Alessandro Maggiori (30 January 1764 – 1834) was one of the most important collectors of old drawings of the greatest masters in the 19th century.

Maggiori was born in Fermo to count Annibale Maggiori (1731-1809) and countess Anna Rosa Sciarra (1747-1815), in their historic family house.

He began his studies at the College Campana of Osimo where among his classmates was Annibale della Genga, who was to become Pope Leo XII. He continued his studies at the prestigious college Montalto in Bologna where he began to cultivate his passion for art. After completing his legal studies at the University of Bologna, he worked with the famous jurist Cavalier Luigi Salina alternating his work as a lawyer with the study of the fine arts which became a passion for collecting, making it one of the predominant collections in Italy in the nineteenth century.

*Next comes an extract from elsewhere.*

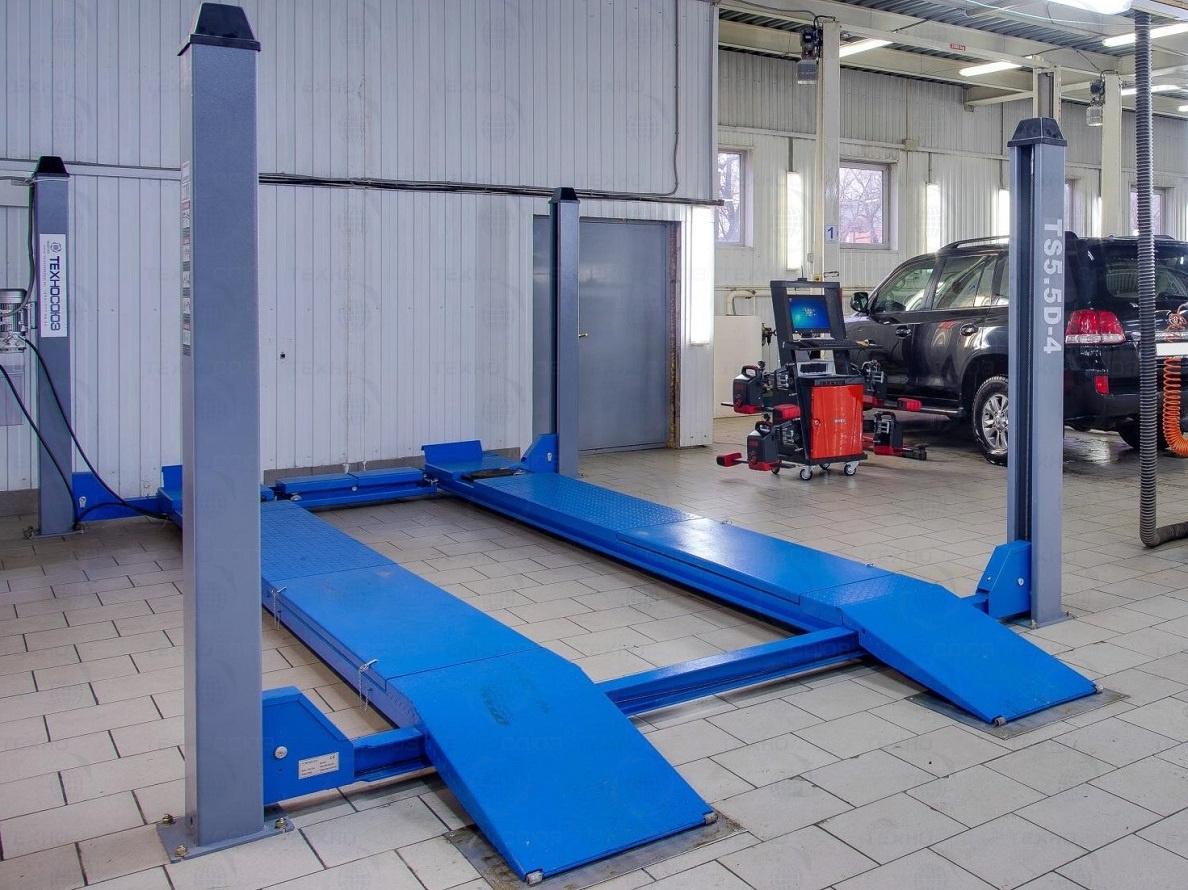 Автомобильный электрогидравлический четырехстоечный подъемник грузоподъемность 5.5т.
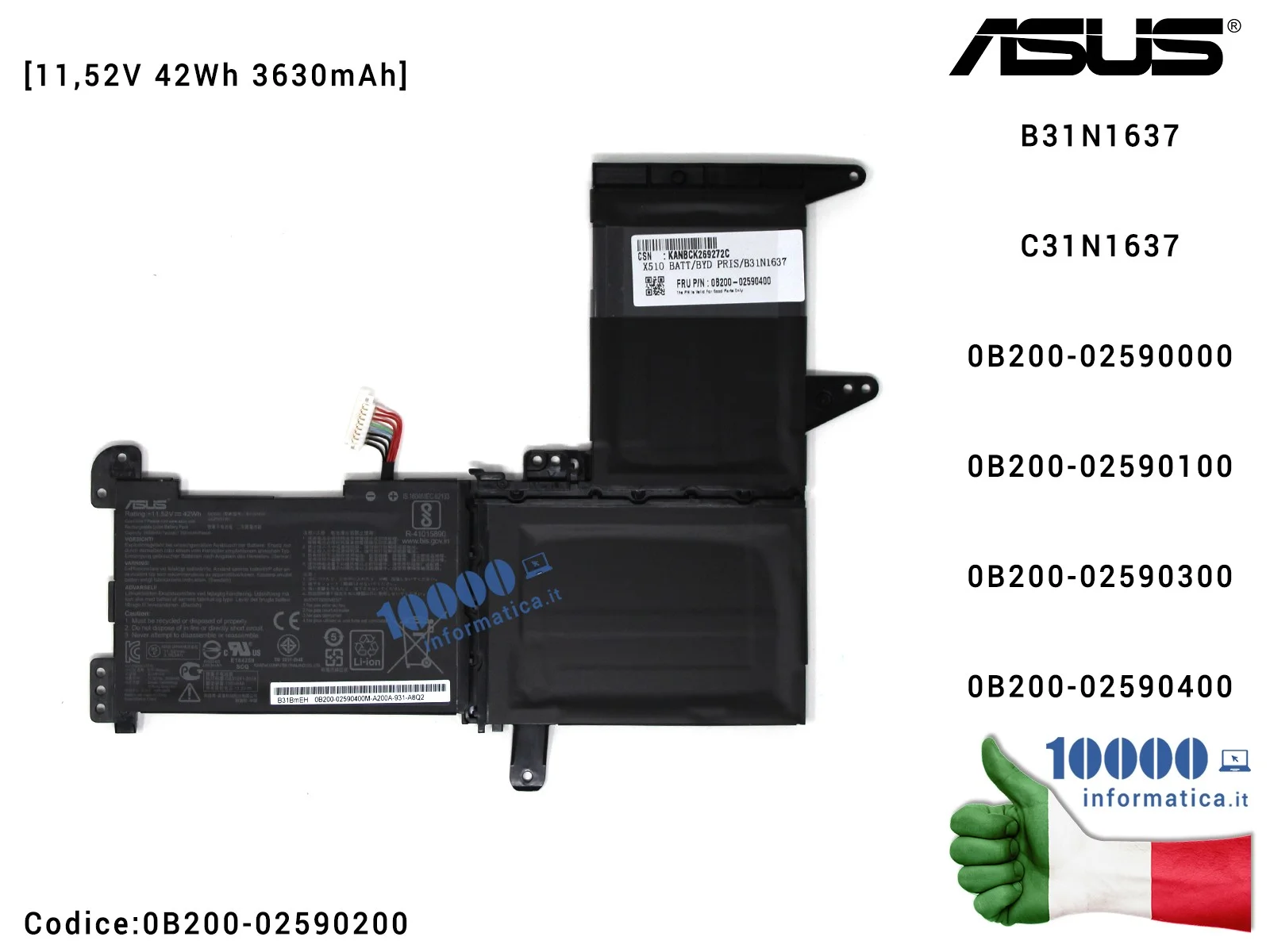 ![0B200-02590200 Batteria B31N1637 C31N1637 ASUS VivoBook X510 S510 S510U [11,52V 42Wh 3630mAh] S510UA S510UN S501UR X510U X510...](https://viaggioltredubbiedisagi.it/5178-large_default/0b200-02590200-batteria-b31n1637-c31n1637-asus-vivobook-x510-s510-s510u-1152v-42wh-3630mah-s510ua-s510un-s501ur-x510u-x510ua-x51.jpg)

Maggiori moved to Rome in 1798, where he exploited the teachings of Domenico Corvi after which he lived in Fermo and retired in Sant'Elpidio a Mare, in the hunting lodge known as "The Castellano Mansion".

Maggiori was a proponent of liberal orientation. He published several works on the basis of a criterion of utility, including several treatises on agronomy and the first modern edition of the Rime commented by Michelangelo Buonarroti (1817), The Dialogue around the life and work of architect Sebastiano Serlio of Bologna (1824), The artistic guide of the city of Ancona and Loreto (1832), and indications of the stranger paintings, sculptures, architecture and other features which can be seen today inside the sacrosanct basilica of Loreto and other parts of the city (1824) and the proverbs and sayings collection sententious (1833).

He was an art critic (published criticism to the works of Roman artists in the newspaper Il Capriccio) and was a collector of antique designs, which at his death, in 1834, were collected in the "Center Alessandro Maggiori".